Emotions shape much of our lives, so it would make sense that they impact how we handle political discussions as well.
In his column with The New York Times, Arthur Brooks tackles the difficult question of political polarization. A great deal of political science scholarship has sought to examine how people’s attitudes are drifting increasingly farther apart and what this means for our two parties to work together. While most scholars focus on cultural values, economic interests, or other politically situated opinions, Brooks suggests that it is much more simple: we feel contempt.
He begins by explicating some recent research on “motive attribution asymmetry.” Such research has found that we tend to attribute loving motives to our political allies and hateful motives to our enemies, regardless of our party.
It is this asymmetry that allows us to develop a profound sense of contempt for the other side. This goes beyond concerns over incivility, and into this particularly powerful emotion’s pull on our evaluations. Contempt, he says, creates a sort of addiction, as social media and political elites leverage it to demonize political opposition and make compromise impossible.

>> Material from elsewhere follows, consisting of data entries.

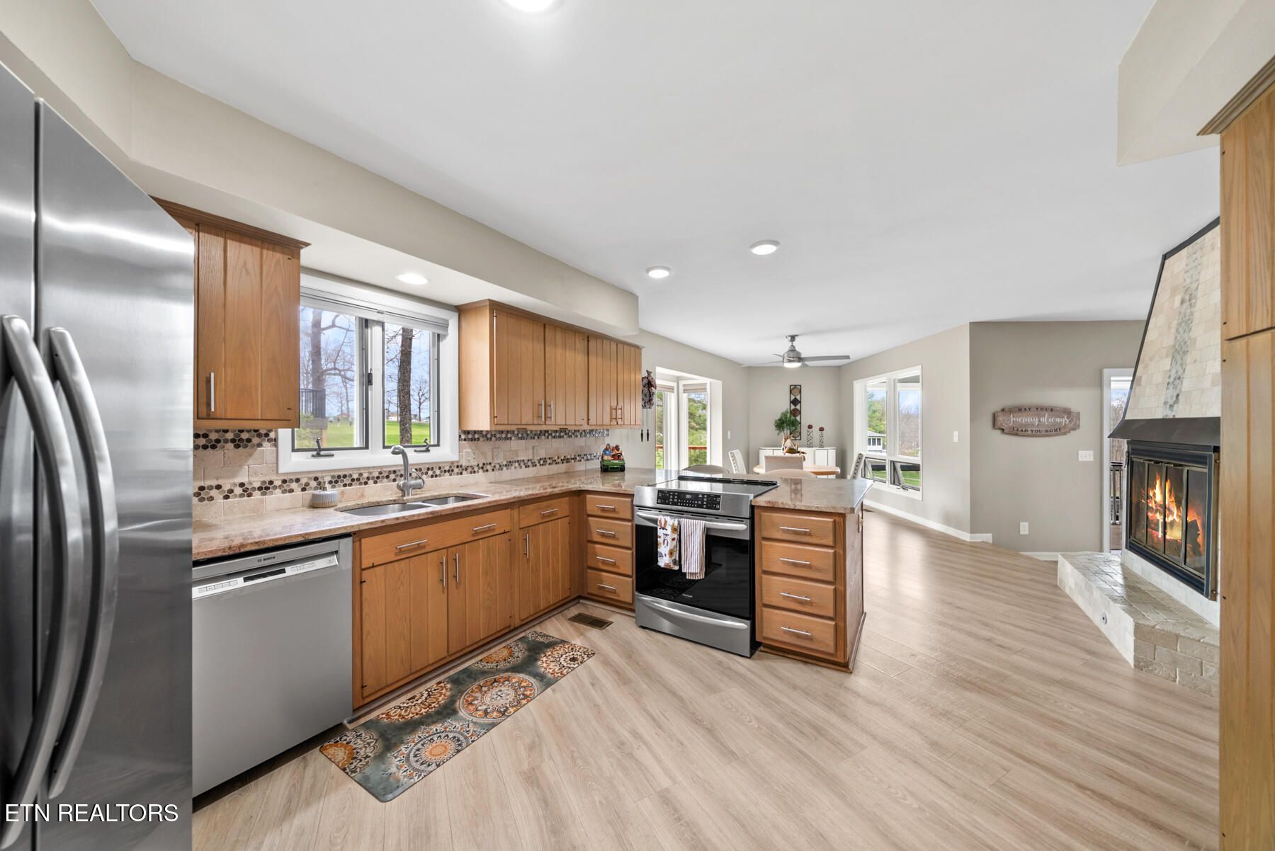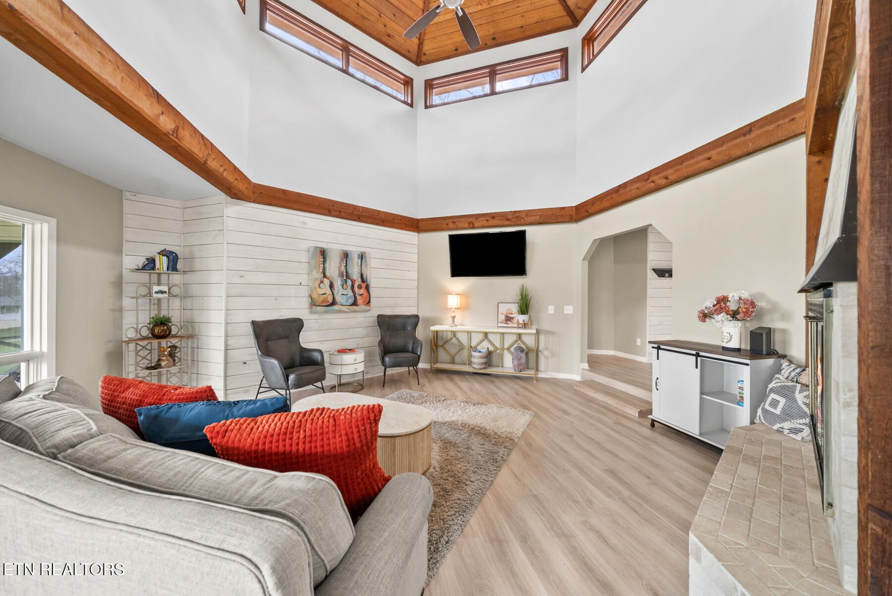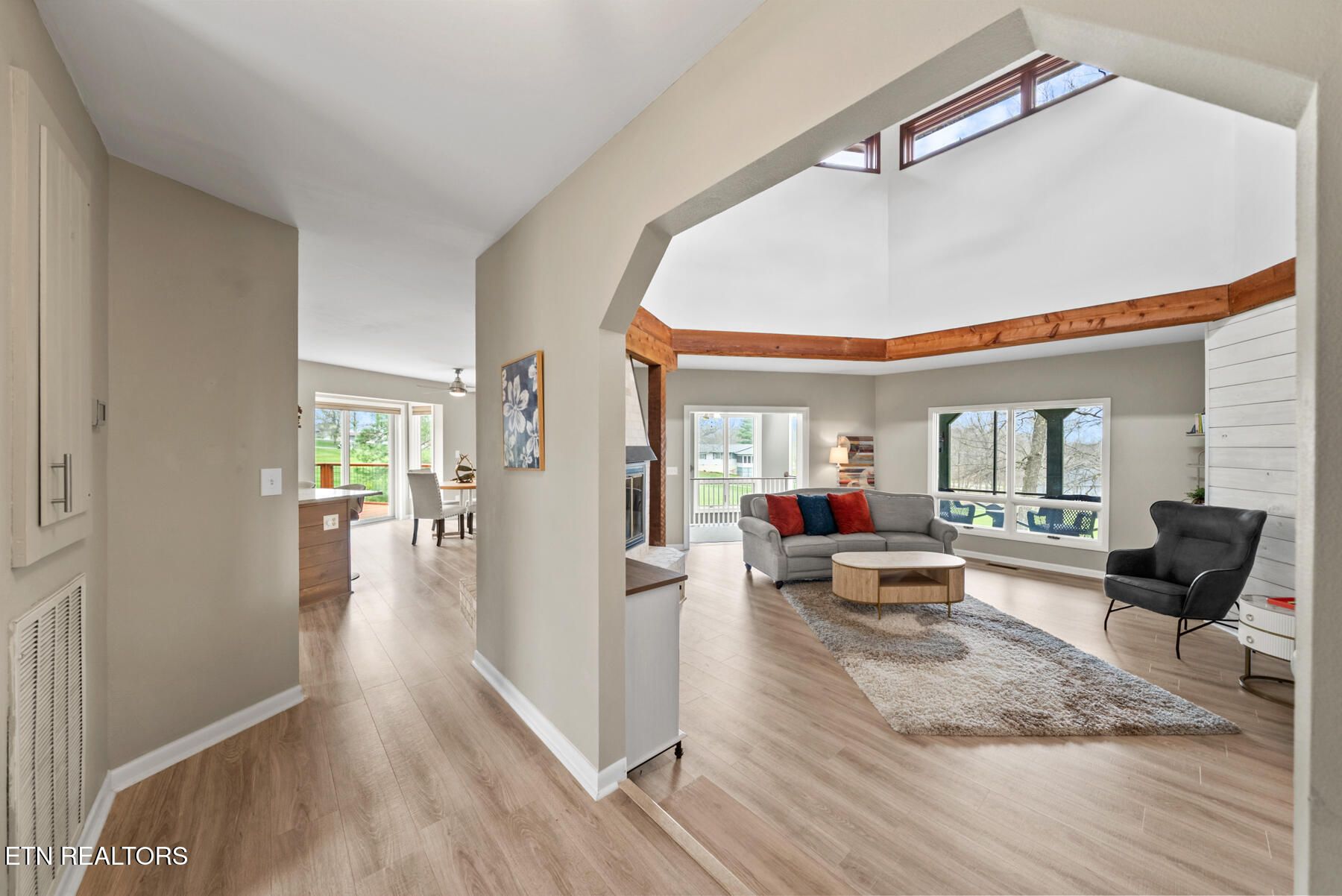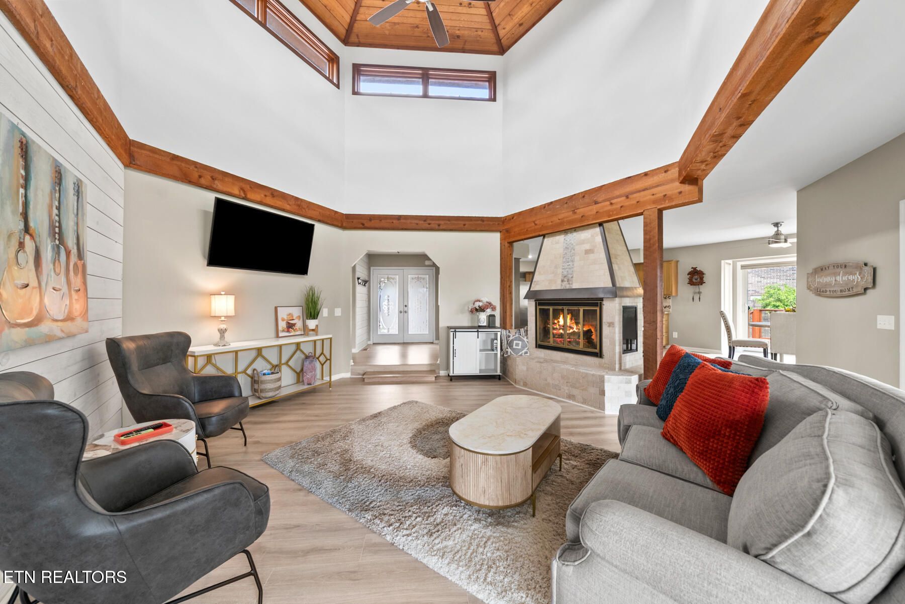 Unique Golf-Front Home in Fairfield Glade; Full of Character and Upgrades! Perched above the 18th hole of Druid Hills, this one-of-a-kind home is bursting with architectural charm and modern updates. Located in the heart of Fairfield Glade, it's just a short five-minute walk to the new Druid Hills Clubhouse and Restaurant, the community's exciting new gathering place, anticipated to open in August 2026. As you enter through welcoming double doors into the foyer, you're greeted by a stunning living room anchored by a soaring tower with windows and a beautifully stained wood-plank ceiling. A double-sided, wood-burning stone fireplace warms both the living and dining areas, creating a cozy, inviting vibe. This showplace is being sold completely furnished, featuring all-new, upgraded décor, along with refreshed flooring and updated kitchen counters. Enjoy breathtaking golf course views from abundant windows on both levels, or relax outdoors on your private screened porch or open deck as you watch the golfers finish their rounds. Recent Updates Include: New HVAC system (2025) Two new water heaters (2025) New crawl space dehumidifier (2026) New induction stove (2021) New double-sided fireplace (2021) The home's crawlspace is well maintained and offers ample storage, complemented by a huge walk-in closet in the downstairs third bedroom for even more space. Come explore this distinctive golf-front property, overflowing with character, views, and comfort and you'll want to call it your own. *All information is deemed reliable. Buyer to verify all information before making an informed decision.*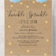 Twinkle sprinkle little star sprinkle invitation featuring cute blue clouds and golden stars on strings, on a rustic kraft background, this cute baby sprinkle invitation is perfect for all little ones who are on their way. Add your special celebration details to create the perfect invitation. It includes a book request, diaper raffle or any other cute baby sprinkle request card. Designed by Thisisnotme©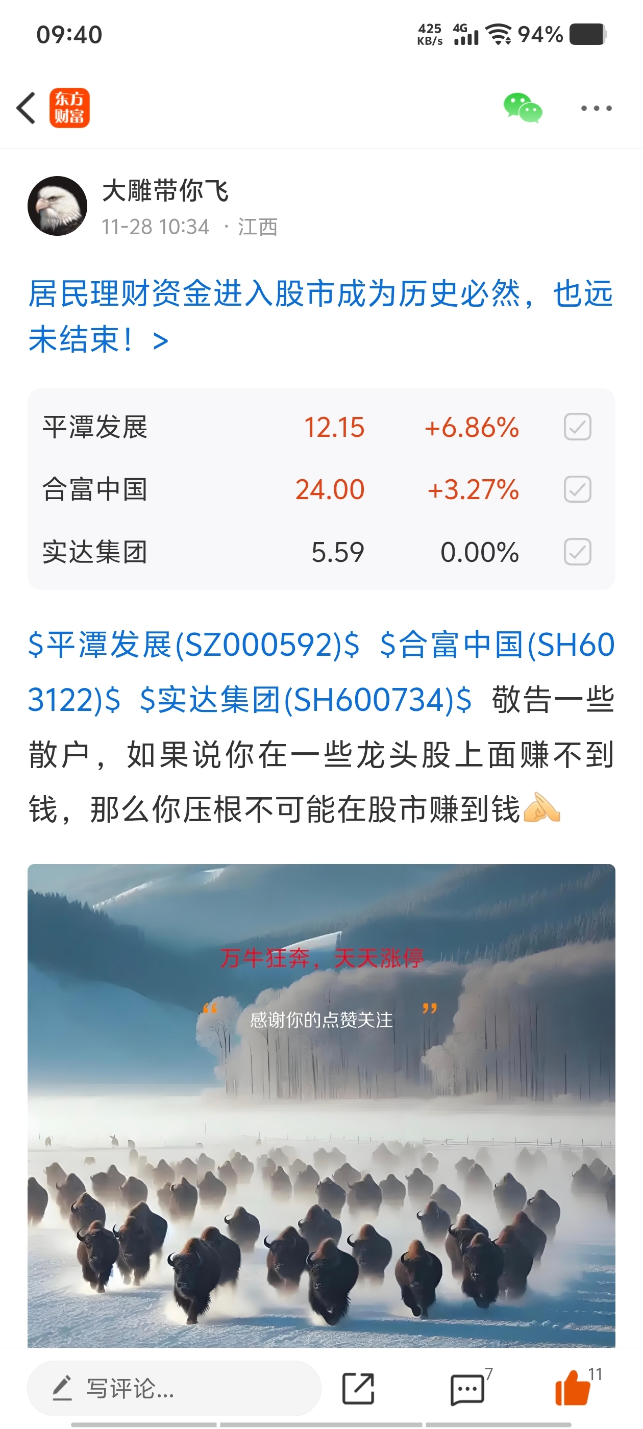 很多人说大雕马后炮,事后诸葛亮,可是我天天提醒的时候你在哪里?涨起来了你又不敢买!买了下跌还喷我!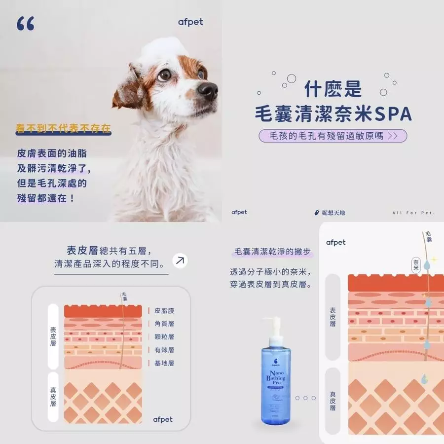 平常我毛小孩洗澡,可能只能清到皮表,但生活中有很多藏的染,比如空中的粉、留的化洗,甚至二手,都悄悄藏在的皮底。如果油是重理的基,Nano奈米浴就是升版的全身清。款用全年毛孩的奈米深露,利用奈米分子深入皮底,底清除化留、空污染以及二手等以清的垢。尤其於味重或毛油的狗狗,效果尤著。洗完後,搭配牛奶浴,不清,能保,毛又又滑。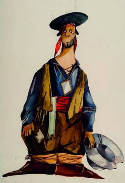 Studium an der dortigen Akademie, hier: Illustration aus Don Quichotte, hier: Der Dorffriseur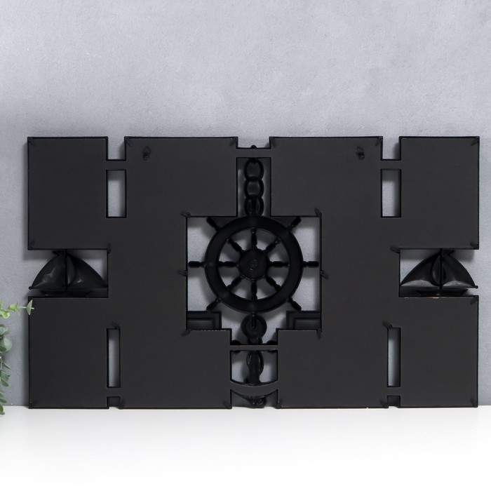 Фоторамка пластик на 10 фото 10х15 см "Якорь и штурвал" чёрная 41х68 см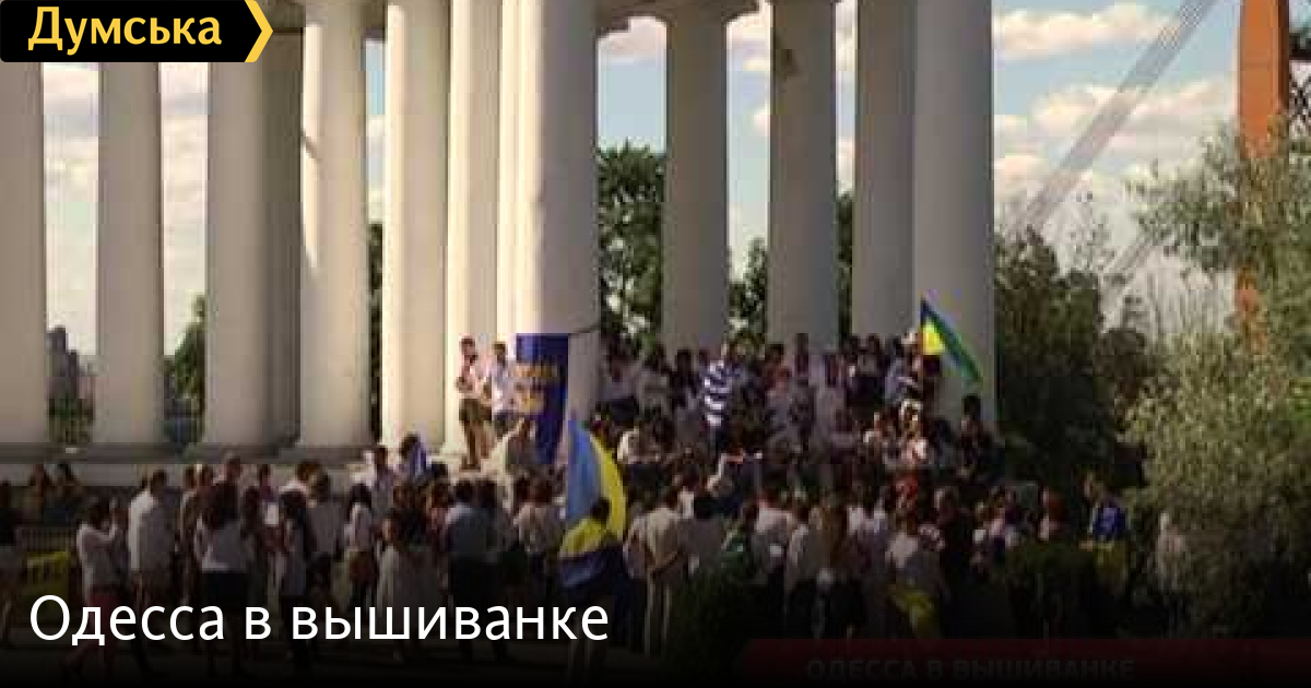 Тысячи одесситов в вышивках вышли на центральные улицы города. Вышыванковый фестиваль, — закончился грандиозным маршем, а на Потёмкинской лестнице развернули огромный жёлто-голубой стяг.

Not only does contempt make compromise difficult, but it can also make us profoundly unhappy. The American Psychological Association found that experiences of contempt can make individuals feel rejected by their peers, leading to anxiety and depression.
And most people don’t want to feel this way. Most polls find that strong majorities want civil disagreement and compromise, rather than hostility and contempt.
Brooks’ diagnosis of contempt as the source of many political ills is not without evidence. As we blogged on some time ago, contempt, alongside anger and disgust, can predict political and group-based violence. One of the first steps in dehumanizing out-groups is the cultivation of a feeling of contempt towards that group.
Contempt is deeply rooted in a sense of who other people are, and it often drives from an evaluation that they are lower in a hierarchy and lacking of respectable status. This can translate to a sense that that person is bad, disgusting, or not worthy of moral consideration.
Brooks notes that one way in which contempt can shape our political interactions is how it has increasingly eroded friendships. He contends that 1 in 6 Americans stopped speaking to a friend or family member during the 2016 presidential campaign.
If this is because of contempt, then it isn’t the first time contempt has killed a relationship. In fact, Dr. John Gottman, a renowned expert on emotions and relationships, described contempt as one of the “four horsemen” of the relationship apocalypse.